1. 6100 sayılı Kanun'un 353 üncü maddesinin birinci fıkrasının (b) bendinin (1), (2) ve (3) üncü alt bentlerinde, bölge adliye mahkemesinin verebileceği karar türleri açıklanmıştır. Bunlardan ilki, başvurunun esastan reddi; ikincisi yargılamada eksiklik bulunmamakla beraber kanunun olaya uygulanmasında hata edilip de yeniden yargılama yapılmasına ihtiyaç duyulmadığı takdirde veya kararın gerekçesinde hata edilmiş ise düzelterek yeniden esas hakkında; üçüncüsü ise yargılamada bulunan eksiklikler duruşma yapılmaksızın tamamlanacak nitelikte ise bunların tamamlanmasından sonra başvurunun esastan reddine veya yeniden esas hakkında karar vermektir. Kanun hükmü, istinaf edenin başvurusunun esastan reddedilmesi suretiyle yeniden esas hakkında veya düzelterek yeniden esas hakkında hüküm kurulmasına imkân tanımamaktadır.

2. Diğer taraftan 6100 sayılı Kanun'un "İncelemenin kapsamı" başlıklı 355 inci maddesine göre bölge adliye mahkemesi, istinaf sebepleri ile bağlı ise de kamu düzenine aykırılık gördüğü takdirde bunu resen gözetebilir. Ancak anılan düzenleme tamamen incelemenin kapsamına ilişkin olup bölge adliye mahkemelerince 353 üncü madde gereğince kurulacak hükmün şekline etkili değildir. Bu bakımdan bölge adliye mahkemesince, istinaf dilekçesinde ileri sürülen istinaf sebepleri ile kamu düzenine aykırılık hâlleri bakımından ayrım yapılarak Kanun'da yer verilmeyen şekilde hüküm kurulması mümkün değildir. Kaldı ki kamu düzenine aykırılık bakımından bir inceleme yapılabilmesi de istinaf başvurusunun kabulüne bağlıdır. Örneğin 6100 sayılı Kanun'un "Ön inceleme" başlıklı 352 inci maddesinin birinci fıkrasının (d) bendinde "başvuru sebeplerinin veya gerekçesinin gösterilmemesi" hâline yer verilmiştir. Bu hâlde bölge adliye mahkemesince 353 üncü madde gereğince sadece kamu düzenine aykırılık bağlamında inceleme yapıldıktan sonra yine başvurunun esastan reddine veya kabulüne karar verilerek hüküm kurulmaktadır.
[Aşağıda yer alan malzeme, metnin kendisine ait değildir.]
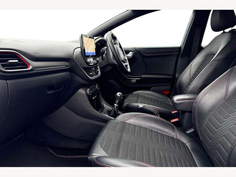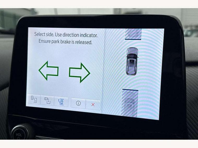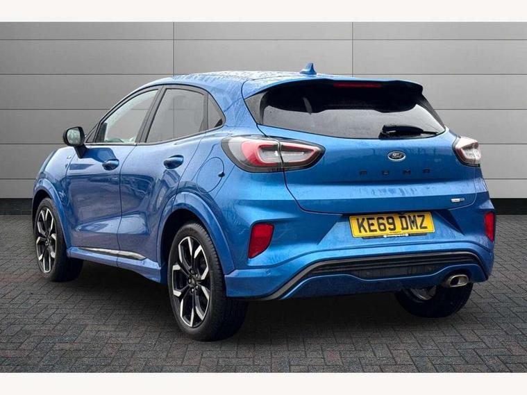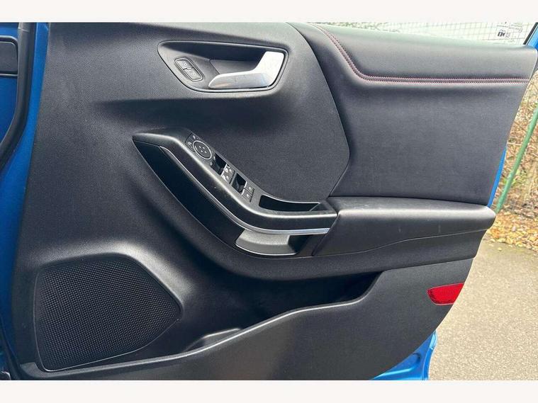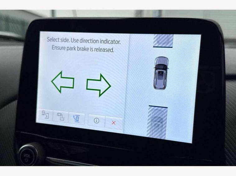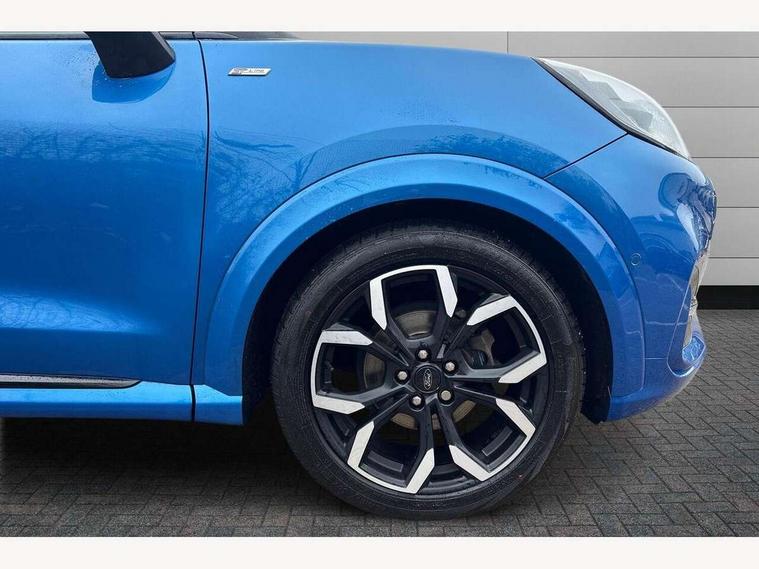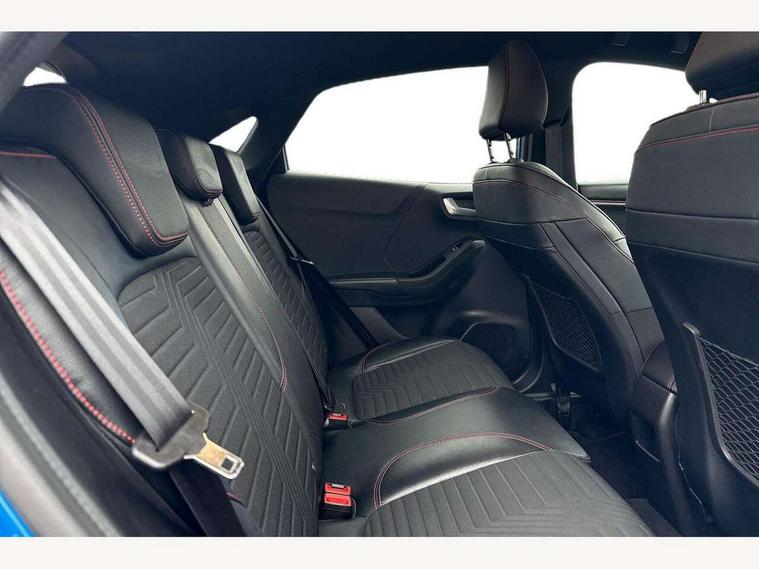 Ford easy fuel, Full digital 12.3" instrument cluster, Lane keeping aid with lane departure warning, Power liftgate hands free including keyless start + entry, motion sensing key fob, Rear parking sensor, Selectable drive modes(Normal, Eco, Sport, Slippery and Trail), Wireless charging pad, Automatic headlights with rain sensing wipers and auto high beam, Fixed LED headlamps, Front fog lights with cornering lights and LED rear lamps, Power foldable heated door mirrors with puddle lamps, Privacy glass to side rear windows and tailgate glass, Quickclear heated windscreen, ST-Line body kit with large rear spoiler wth sports suspension, Alloy sports pedals, Casual partial leather upholstery with salerno bolster, Centre console with armrest and stowage, Driver and passenger seat lumbar and height adjust, EATC - Electronic Auto Temperature control, Ford megabox extended bootspace, Front and rear floor mats, ST-Line flat bottomed leather steering wheel with leather handbrake and aluminium gear knob, B&O Premium Audio system + Ford SYNC 3 navigation pack - Puma, Driver assistance pack - Puma, 3 rear seatbelts, Electronic stability control (ESC) and hill start assist, Pre-collision assist with autonomous emergency braking, pedestrian/cyclist detection & post-collision braking, Tyre pressure monitoring system (TPMS), Thatcham alarm, Carbon look interior deco spears, 18" 5 spoke matt black machined finish alloy wheels, Tyre inflation kit,
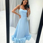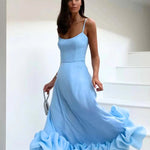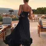This women's maxi dress with spaghetti straps features a sleek fitted bodice and an elegant flowing silhouette. The ruffle hem adds a touch of softness and movement to your style. Designed to offer a polished and graceful appearance.
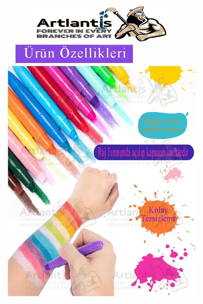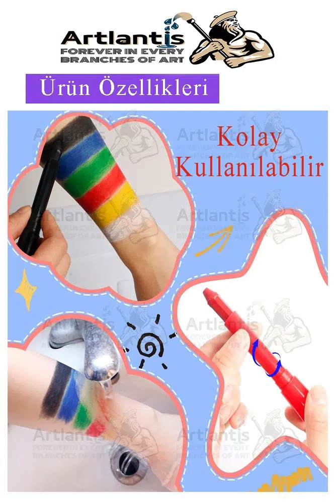 Kolay Uygulama ve Kalıcılık:Krem bazlı yapısı, yüz boyasını kolayca uygulamanıza yardımcı olur. Renkler cilde mükemmel bir şekilde tutunur ve uzun süre dayanıklılık sağlar. Su bazlıdır, bu da temizlenmesini kolaylaştırır.
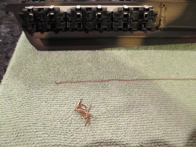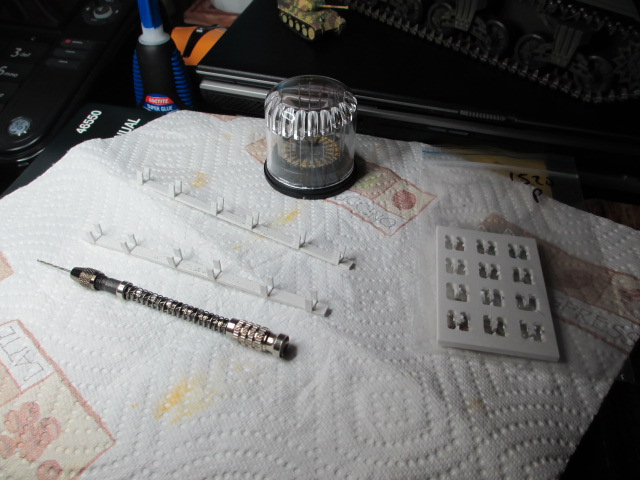 Thank you for the encouragement. Tonight's work will require the use of the magnifying Tensor Lamp at my desk. *chuckles* I will need to run to the Hobby Shop this afternoon to get some smaller drill bits for the Yankee drill. That micro chain is ...micro... I need some new flat dunkelgelb and braunviolet for these accessories as well. I want to keep the existing paint as intact as possible so no over spray of flat lacquer on this tank. I'm not even sure what this airgunned paint is? Acrylic, possibly. It has a rough, sandy feel to it and adheres well to the plastics but not so much the metals.
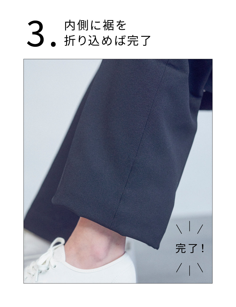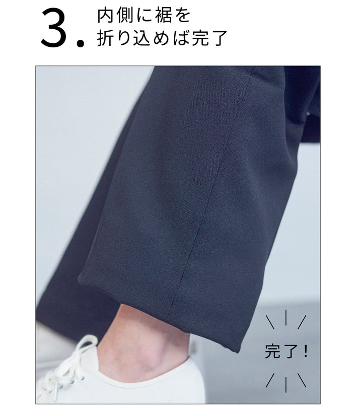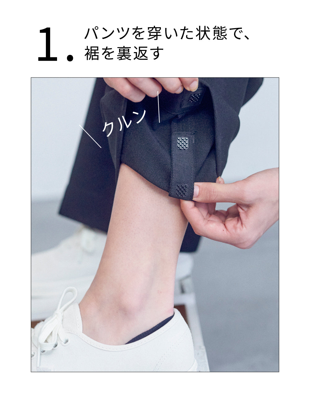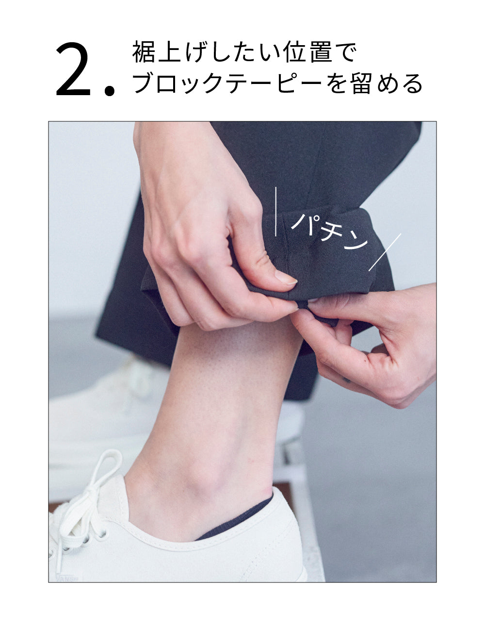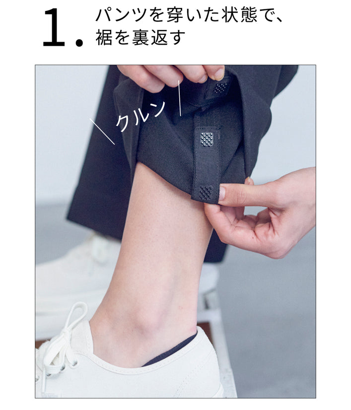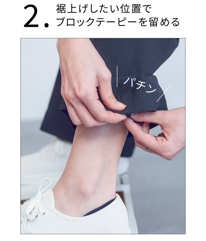 裾上げ不要でその場で長さ調節できる簡単裾上げパンツ。内側のブロックテーピーを留めれば3〜5cm単位で3段階の調節ができ、一人一人のジャストな股下をカスタマイズ。
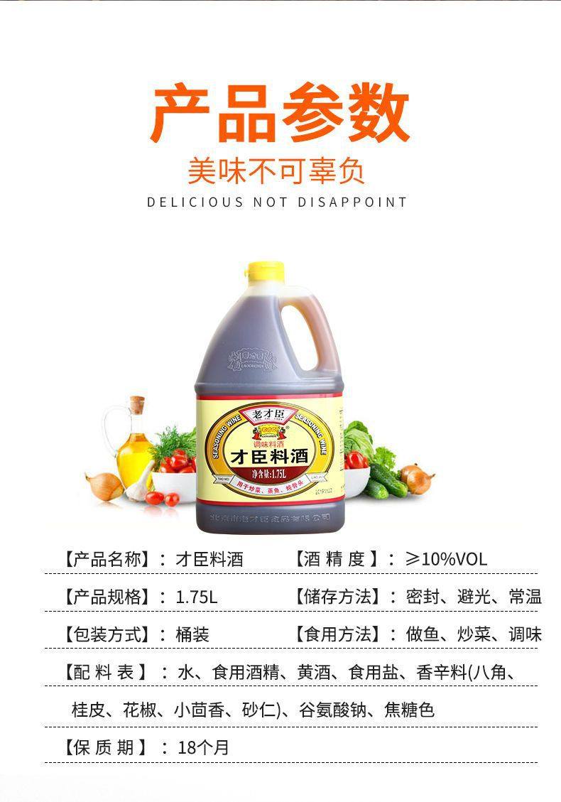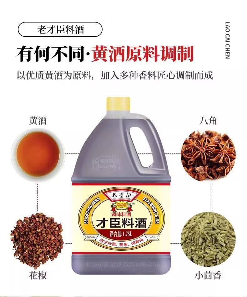 | Packaging specifications | Lao caichen cooking wine 1.75l*1 barrel |

3. Belirtilen sebeplerle taraflardan birinin istinaf dilekçesinde ileri sürdüğü sebepler ve kamu düzenine aykırılık bakımından yapılacak incelemenin sonucunda, yeniden esas hakkında hüküm kurulmasını yahut düzelterek yeniden esas hakkında hüküm kurulmasını gerektiren bir hâl tespit edildiği takdirde artık istinaf başvurusunun esastan reddine karar verilemez.
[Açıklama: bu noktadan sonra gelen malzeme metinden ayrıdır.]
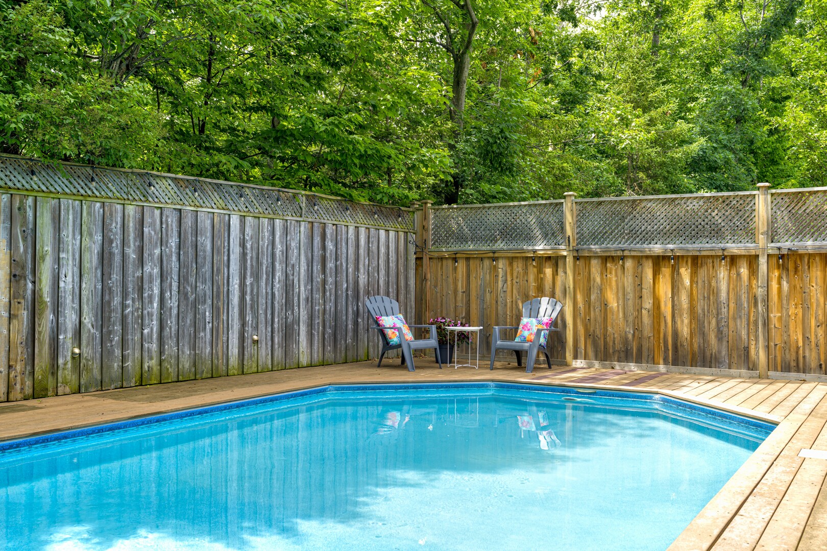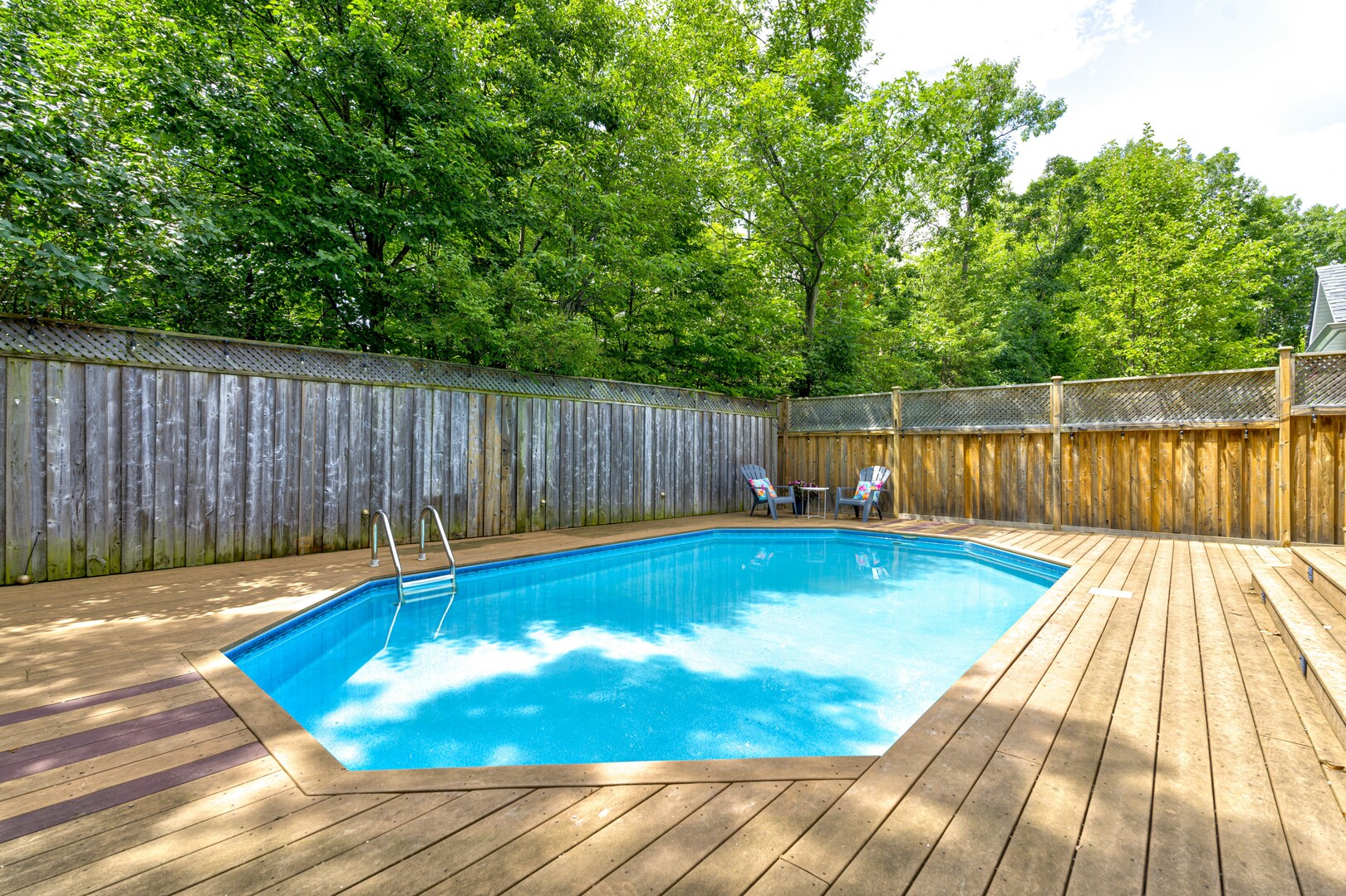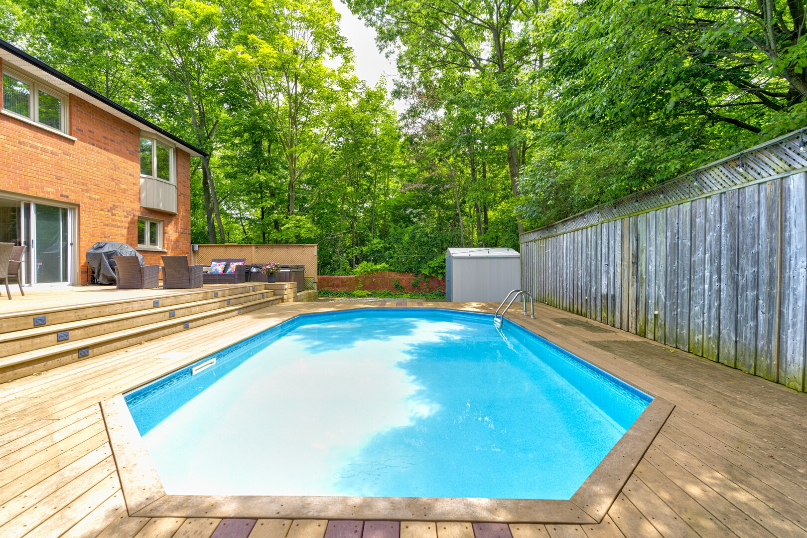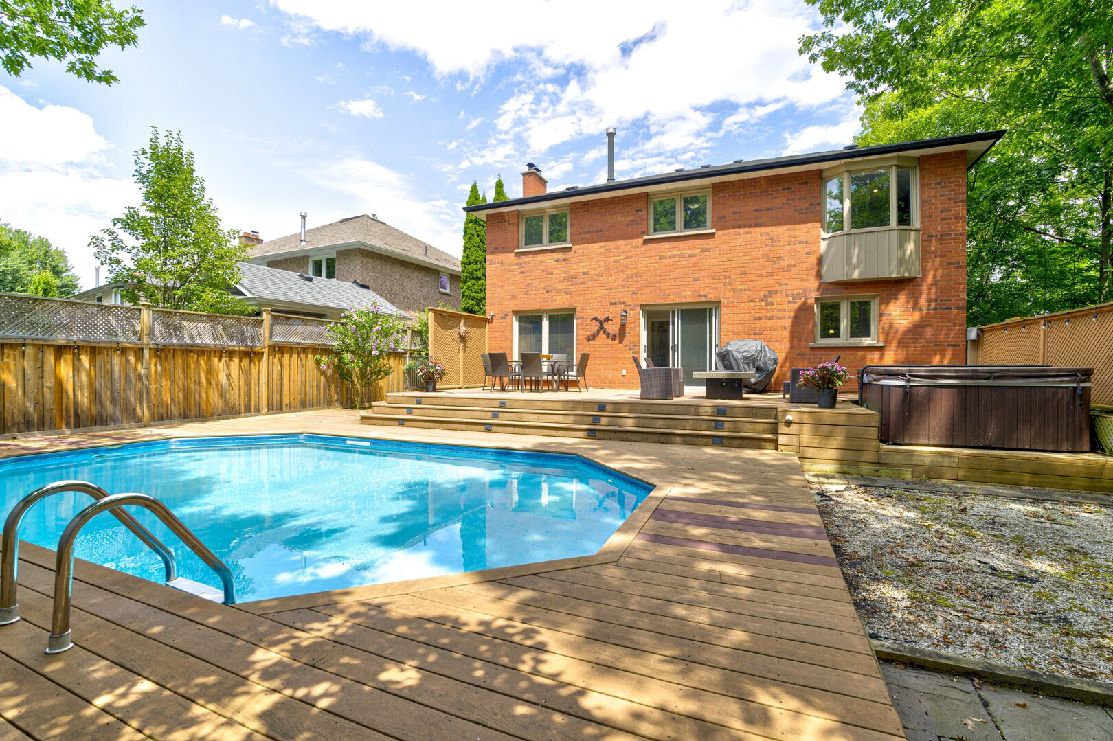 Private backyard oasis! This luxury 4 + 2 Bed, 4 +1 bath home backs on and is beside Oakridge Park with its lush forested walking trails. You will love staying home surrounded by nature. Enjoy swimming in the pool, relaxing in the hot tub or on the beautiful low maintenance composite deck. Inside you will enjoy the chef's dream kitchen with solid wood cabinets, some sparkling glass door cabinets, high-end appliances like Sub-Zero fridge, granite counters, built-in wall ovens and a massive island. Main floor has hardwood throughout, cozy living room with wood burning fireplace, large dining room, convenient main floor office, 2 piece powder room and mud/ laundry room with side door and garage access. Second floor also has hardwood throughout, huge primary bedroom with double closets, beautifully updated 5 piece bathroom with stand alone soaker tub. There are 3 other good sized bedrooms. One bedroom has updated 3 piece ensuite bathroom and there is a gorgeous updated main bathroom with double sinks and glass shower. The basement is completely finished with spacious family room with gas fireplace. There are 2 more very large bedrooms and a 3 piece bathroom.Step outside and you're right next to a forest walk, running, biking trail. Located in desirable River Oaks neighourhood with top ranked public/ private schools, easy highway access and close to shopping

4. Somut olayda Bölge Adliye Mahkemesince; sadece davalı tarafın istinaf başvurusu üzerine kamu düzenine aykırılık bulunup bulunmadığı yönünden resen yapılan inceleme neticesinde, arabuluculuk faaliyetinin tarafların anlaşamadığına dair düzenlenen son tutanak tarihinden önce muaccel olan alacaklar bakımından gerçekleştirildiği, son tutanak tarihinden sonraki döneme ilişkin istemlerin dava şartı yokluğu sebebiyle usulden reddi gerektiğinin gözetilmemesinin hatalı olduğu belirtildikten sonra, davalı vekilinin istinaf başvurusunun 6100 sayılı Kanun'un 353 üncü maddesinin birinci fıkrasının (b) bendinin (1) inci alt bendi gereğince esastan reddine, İlk Derece Mahkemesi kararının 6100 sayılı Kanun'un 353 üncü maddesinin birinci fıkrasının (b) bendinin (2) nci alt bendi gereğince düzelterek yeniden esas hakkında hüküm kurulmak üzere kaldırılmasına karar verilmiştir.

5. Bölge Adliye Mahkemesi kararı, yukarıda belirtilen Kanun hükümlerine aykırı olduğundan, Bölge Adliye Mahkemesi kararının bozulmasına ve dosyanın kararı veren Bölge Adliye Mahkemesine gönderilmesine karar vermek gerekmiştir.

VI. KARAR

Açıklanan sebeplerle;

Temyiz olunan Bölge Adliye Mahkemesi kararının usulden BOZULMASINA,

Bozma sebebine göre davalı vekilinin diğer temyiz itirazlarının incelenmesine şimdilik yer olmadığına,

Dosyanın kararı veren Bölge Adliye Mahkemesine gönderilmesine,

12.03.2024 tarihinde oy birliğiyle karar verildi.